Introduction to YACC
YACC (Yet Another Compiler-Compiler) is a powerful tool used in the field of computer science to generate parsers for compilers. It was designed to produce a parser from a given grammar specification, which is a set of rules defining the syntax of a particular language. The parser generated by YACC is an LALR (Look-Ahead, Left-to-Right, Rightmost derivation with 1 lookahead token) parser, operating from left to right and trying to derive the rightmost element of a sentence in a sentence structure according to the grammar.

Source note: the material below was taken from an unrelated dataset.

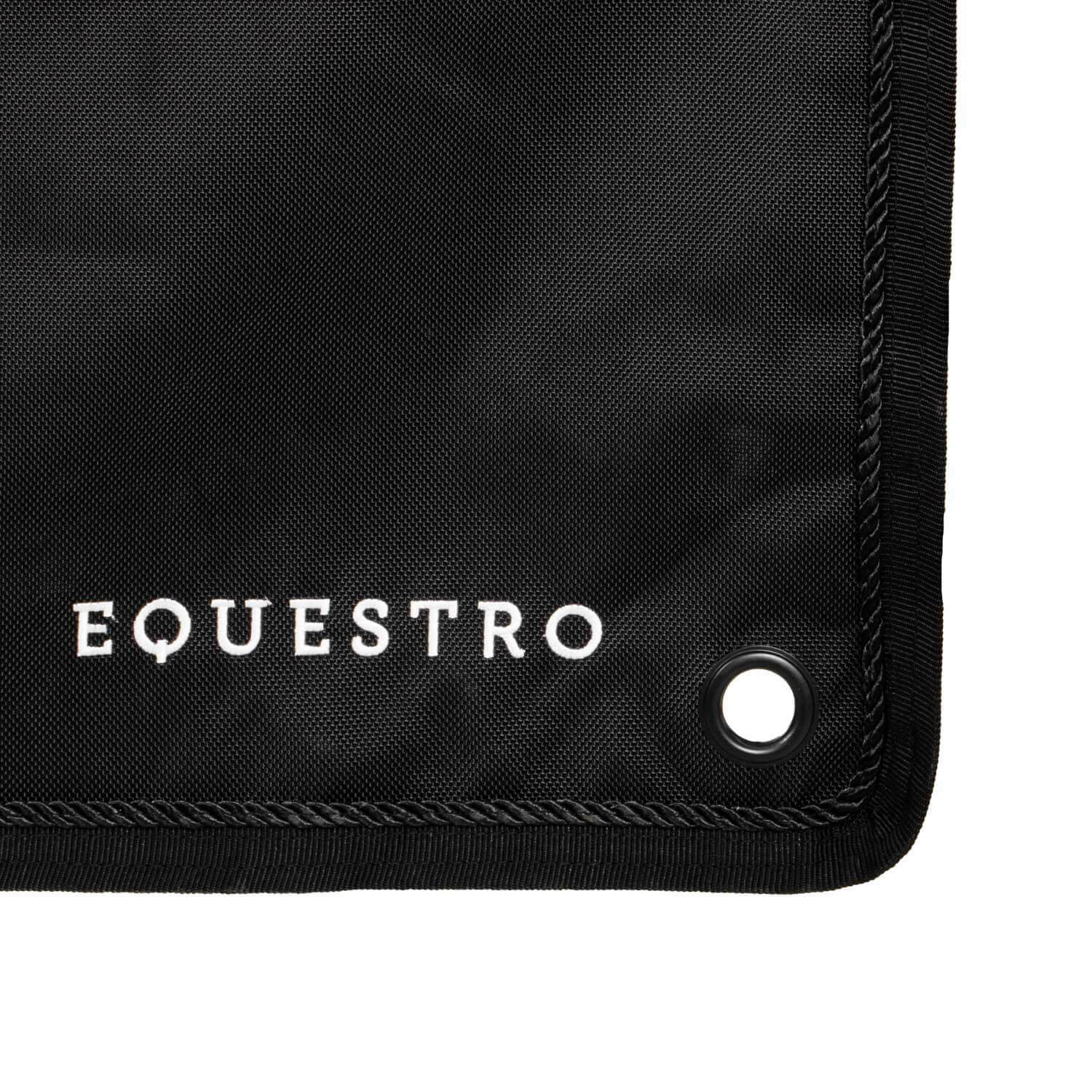 - Equestro-Logo auf der oberen, Equestro-Schriftzug auf der unteren Seite eingestickt
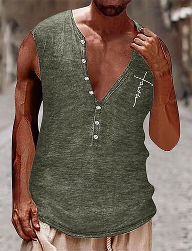 Муж. Безрукавка Рубашка Хенли Без рукавов Круглый Хенли Лето Трескаться Мода Оригинальный рисунок Спортивные Пуговицы на открытом воздухе Повседневные Фитнес Синий Светло-серый Военно-зеленный

YACC works in three main parts: declarations, translation rules, and supporting C routines. Each part plays a crucial role in the process of generating a parser for a given language.
Declarations
The declarations section of a YACC specification includes information about the tokens used in the syntax definition. Tokens are the smallest units of meaningful data in a programming language, and they could be keywords, identifiers, operators, literals, etc. YACC automatically assigns numbers for tokens, but this can be overridden by specifying a number after the token name. For example, %token NUMBER 621
. YACC also recognizes single characters as tokens, so the assigned token numbers should not overlap with ASCII codes.
Translation Rules
The translation rules section contains grammar definitions in a modified BNF (Backus-Naur Form) form. These rules define how the parser should interpret sequences of tokens. Each rule in YACC has a string specification that resembles a production of a grammar. It has a nonterminal on the left-hand side (LHS) and a few alternatives on the right-hand side (RHS). YACC generates an LALR(1) parser for the language from the productions, which is a bottom-up parser.
Supporting C Routines
The supporting C routines section includes C code external to the definition of the parser and variable declarations. It can also include the specification of the starting symbol in the grammar: %start nonterminal
. If the yylex()
function is not defined in the auxiliary routines sections, then it should be included with #include "lex.yy.c"
. If the YACC file contains the main()
definition, it must be compiled to be executable.
Building a C Compiler using Lex and Yacc
Building a C compiler involves several steps, including writing the lexical analyzer (Lex), writing the syntax analyzer (Yacc), and integrating the two. The Lex program reads the source code and breaks it down into tokens, while the Yacc program takes these tokens and checks if they conform to the grammar of the language.
To build a C compiler, you start by writing the Lex file, which defines the tokens for the C language. After that, you write the Yacc file, which defines the grammar of the C language and specifies how the tokens should be parsed. Once you have both Lex and Yacc files ready, you can integrate them by adding the #include "lex.yy.c"
statement in the Yacc file. Then, you can compile the Yacc file using the yacc -v -d parser1.y
command and link it with the Lex library using the gcc -ll y.tab.c
command.
YACC Exercises
- Implement both versions of simple and advanced calculator compilers with YACC or GNU BISON.
- Add the exponent operator, ∧, to your calculator.
- Add error recovery methods discussed in the previous section to your calculator compiler.
- Discuss other bottom-up parser generators (e.g., GNU BISON) within your groups.